_WORK TASK_
Ignoring every picture, return the lines of the listing below word for word, from the line that holds "2004高级内衣流行趋势发布" through the line that holds "SCREEN TRIPOD PROJECTOR".

_DATA TO USE_
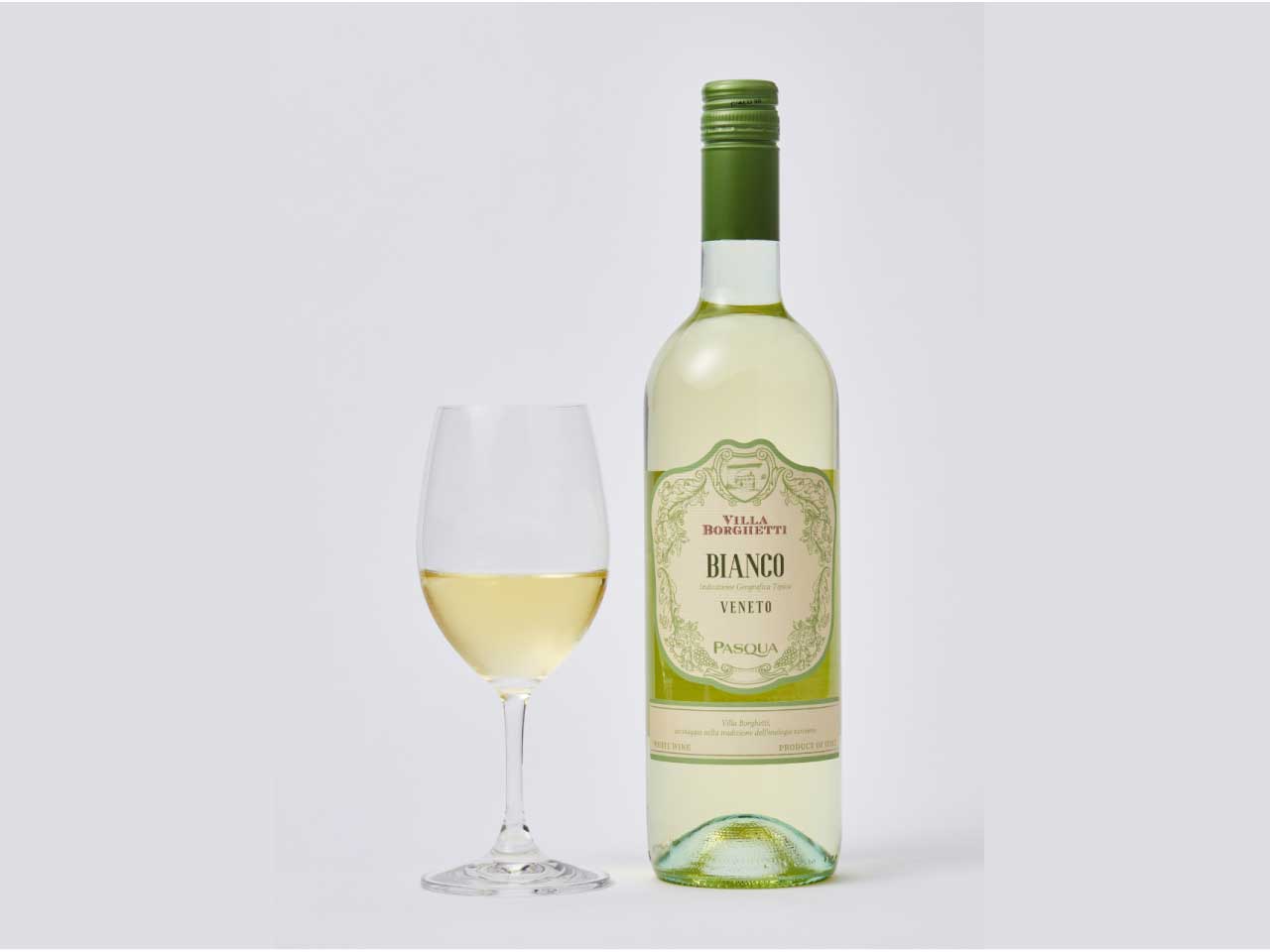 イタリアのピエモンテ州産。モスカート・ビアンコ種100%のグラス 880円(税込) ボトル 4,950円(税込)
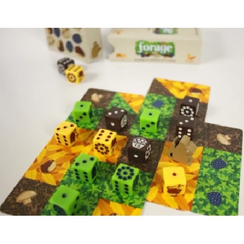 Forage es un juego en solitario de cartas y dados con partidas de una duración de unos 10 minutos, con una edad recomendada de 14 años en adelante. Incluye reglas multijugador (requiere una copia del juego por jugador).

--

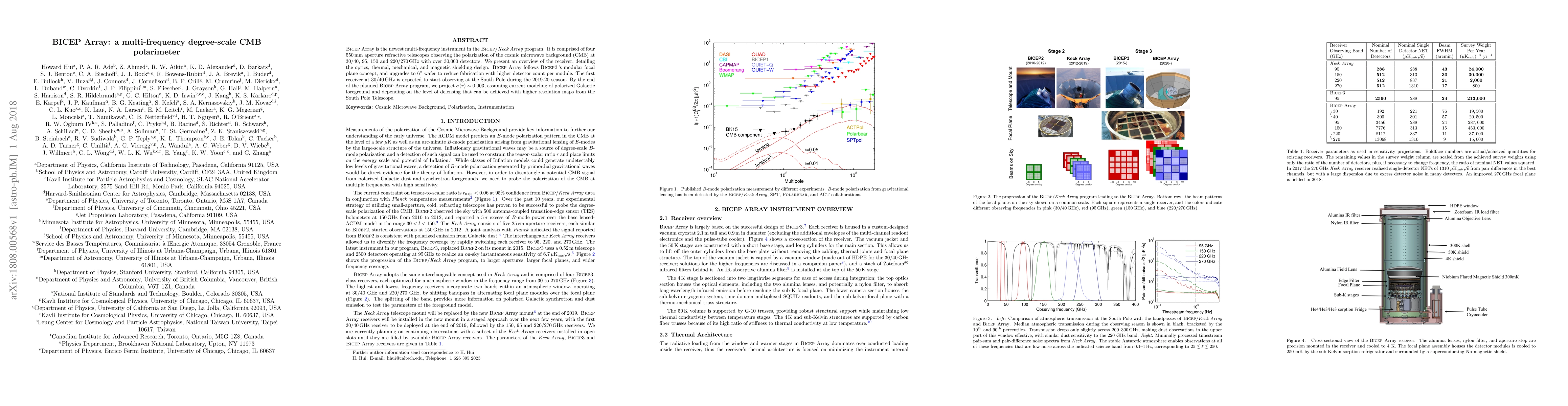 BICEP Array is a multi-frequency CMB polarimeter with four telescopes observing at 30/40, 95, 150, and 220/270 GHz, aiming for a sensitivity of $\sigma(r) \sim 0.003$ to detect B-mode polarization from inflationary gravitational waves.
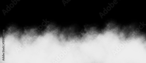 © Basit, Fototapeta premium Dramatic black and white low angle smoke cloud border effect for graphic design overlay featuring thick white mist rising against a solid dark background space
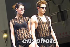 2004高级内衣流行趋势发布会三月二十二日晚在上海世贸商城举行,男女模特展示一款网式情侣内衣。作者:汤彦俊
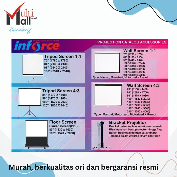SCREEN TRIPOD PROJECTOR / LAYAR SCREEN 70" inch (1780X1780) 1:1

_SOLVED EXERCISE_
 2004高级内衣流行趋势发布会三月二十二日晚在上海世贸商城举行,男女模特展示一款网式情侣内衣。作者:汤彦俊
SCREEN TRIPOD PROJECTOR / LAYAR SCREEN 70" inch (1780X1780) 1:1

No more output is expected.